Сарай для лодок — вполне подходящее для этого место. Он вошел внутрь… и обнаружил своего любовника. Алек спал, лежа на взбитых подушках, умирающий день бросал на него последний отсвет. Он проснулся, но не подскочил он радости, не удивился, просто взял руку Мориса и стал ее поглаживать. Потом заговорил:
— Значит, телеграмму получил.
— Какую телеграмму?
— Утром я послал тебе телеграмму и написал… — Он зевнул. — Извини, я подустал, то одно, то другое… написал, чтобы ты немедленно ехал сюда. — И, поскольку Морис молчал, не в силах вымолвить и слово, добавил: — Теперь нас с тобой ничто не разлучит — и точка.
46
Недовольный своим печатным обращением к избирателям — для настоящего момента оно звучало слишком покровительственно, — Клайв пытался выправить верстку. От этого занятия его отвлек Симкокс:
— К вам мистер Холл.
Он вышел на крылечко. Было уже очень поздно, ночь вошла в свои права. Все следы волшебного заката с неба исчезли. Пищи для глаза не было никакой, зато слух ублажали звуки. Его друг, отказавшийся войти, легонько пинал гравий и бросал камешки в кустарник у стены.
— Привет, Морис, входи. Что-то срочное? — спросил он, слегка раздраженный, и даже не стал отягощать себя улыбкой — лицо все равно было в тени. — Рад, что ты вернулся, надеюсь, тебе полегчало? Я, к сожалению, пока занят, но Бордовая комната свободна. Так что входи, ложись, как обычно. Очень рад тебя видеть.

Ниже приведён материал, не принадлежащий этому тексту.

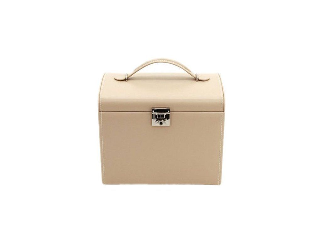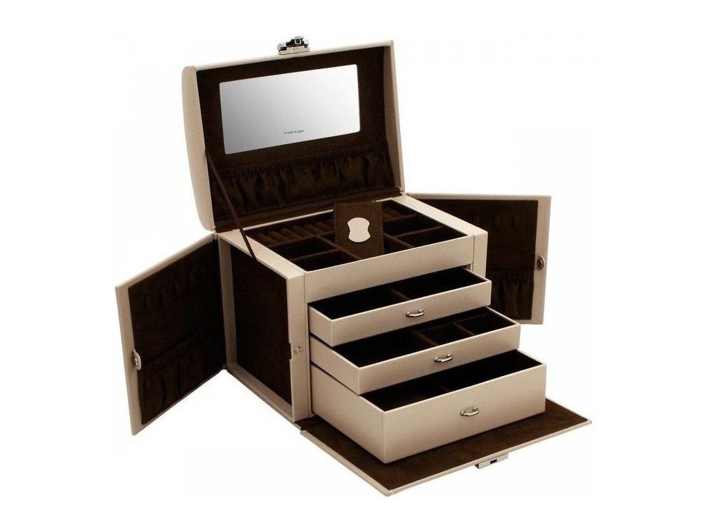 Kožená šperkovnice v béžové barvě s hnědým interiérem. Otevírací boční strany pro uložení dalších šperků, 4 patra s různým rozložením a zrcátko ve víku.

— Я на несколько минут, Клайв.
— Еще что выдумал. — Он шагнул во тьму, как бы проявляя радушие, но ему явно мешал сверстанный текст в руках. — Энн закатит мне скандал, если не останешься. Молодец, что явился так, без приглашений. Извини, я еще занят, дела и дела. — Наконец глаза его выделили в окружающем мраке черный цилиндрический сгусток, и, внезапно встревожившись, он спросил: — Надеюсь, все в порядке?
— Вполне… тебе по крайней мере беспокоиться не о чем.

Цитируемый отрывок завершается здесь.